Comparing with developing a new rice variety, to improve the defect traits of the existing industrial varieties becomes more cost‐effective with the advantage of emerging new breeding technologies. Our team has devoted to improve the undesired traits of Kongyu 131 by targeted introgression of gene alleles of superior traits, such as rice blast resistance, spikelet number per panicle, grain size and heading date (Feng et al., 2017, 2019; Nan et al., 2018; Wang et al., 2019). In the current study, we focus on solving the lodging issue of Kongyu 131 at the late maturity stage. The demand of varieties with high‐lodging resistance continues to rise to support the direct‐seeded planting and other high‐yield cultivation strategies.

In indica cultivars, semi‐dwarf gene sd1 has been widely selected in the breeding program to improve the lodging resistance. While in japonica rice, the corresponding dwarf genes can be divided into two groups. One is single major gene which is often non‐allelic in different japonica rice varieties, and accompanied by poor agronomic characters, such as severe dwarfism, short panicle length,and small or sterile grain (Ferrero‐Serrano et al., 2019). The poor‐recombination ability between dwarfing and other traits of the parents makes the dwarfing genes difficult to be used in japonica rice breeding (Rana et al., 2021; Souza and Tavares, 2021).
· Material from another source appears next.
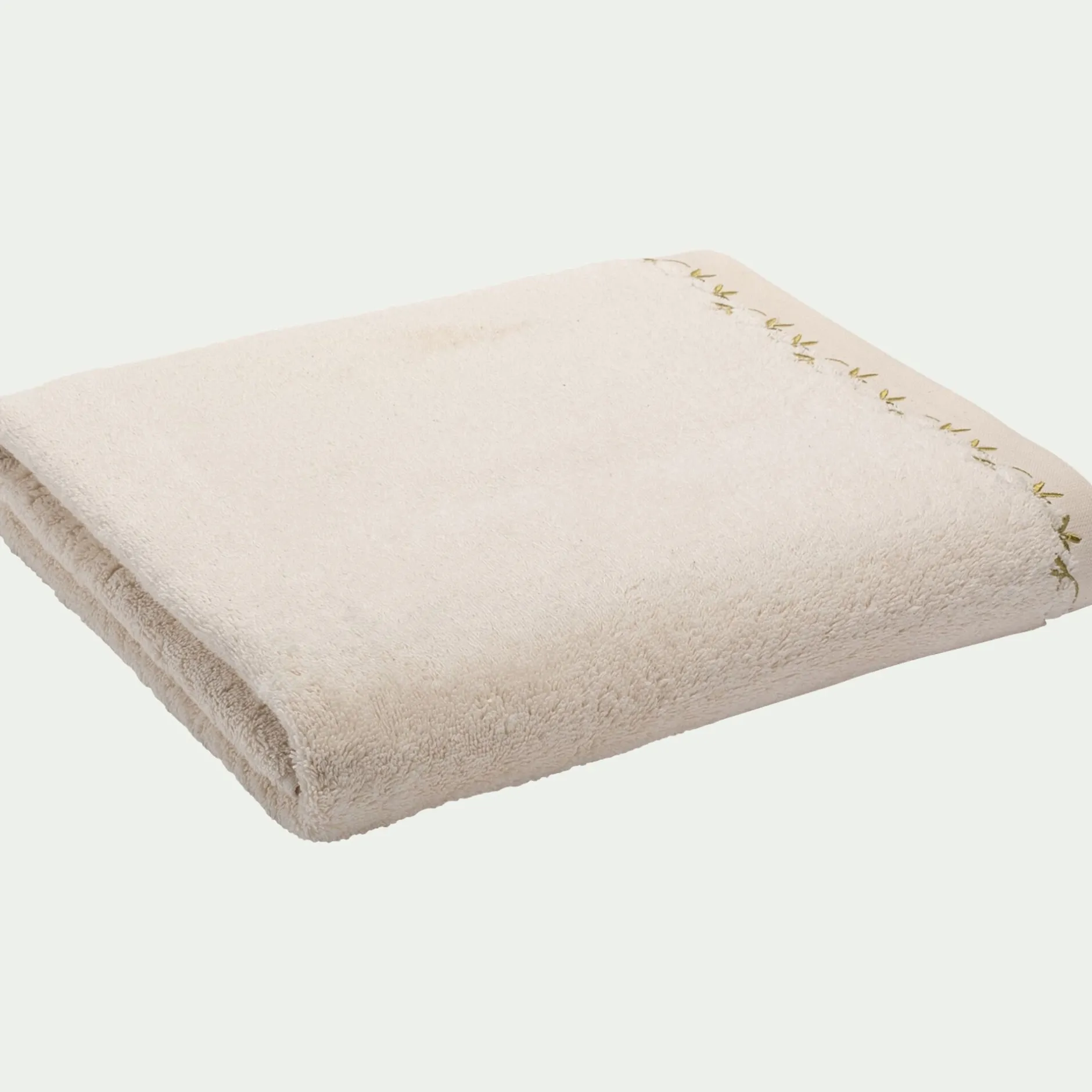 Découvrez le summum du confort et du raffinement avec ce drap de bain, conçu pour envelopper votre corps dans un cocon de douceur après chaque douche. Avec son élégant ton beige et sa délicate broderie verte, il ajoute une note de sophistication à votre espace de bain. Fabriqué en coton certifié Oeko-Tex®, ce drap de bain marie à la perfection résistance et douceur pour une expérience des plus agréables. Indispensable dans votre routine de bain, ce drap de bain s’adapte à tous les styles d’intérieur. Explorez la gamme complète pour créer un ensemble harmonieux : du drap de douche au gant de toilette, en passant par les serviettes d’invité, chaque pièce vous invite à vous envelopper de luxe et de bien-être. Redécouvrez le plaisir du bain avec ce drap de bain d’exception, où la qualité et l’élégance se conjuguent pour vous offrir un moment de détente incomparable.

The other is multiple minor genes which can be lost easily in the process of progeny selection and requires multiple generations of re‐selection to fix the minor genes. The interaction between multiple minor genes and other agronomic trait also needs to be considered in the selection (Babu et al., 2020). Different SD1 alleles have been adopted to achieve different culm heights in indica rice dwarf‐breeding. However, almost all japonica rice contains weak functional allele SD1EQ, and the nucleotide diversity at the SD1 locus in japonica rice decreased dramatically, which was not found in the indica landrace or wild ancestor (Asano et al., 2011). This indicates that the SD1 locus has been subjected to artificial selection in the early domestication and preserved in japonica rice. Therefore, the current study attempted to improve the lodging resistance of Kongyu 131 by targeted major gene introgression of indica type sd1 allele.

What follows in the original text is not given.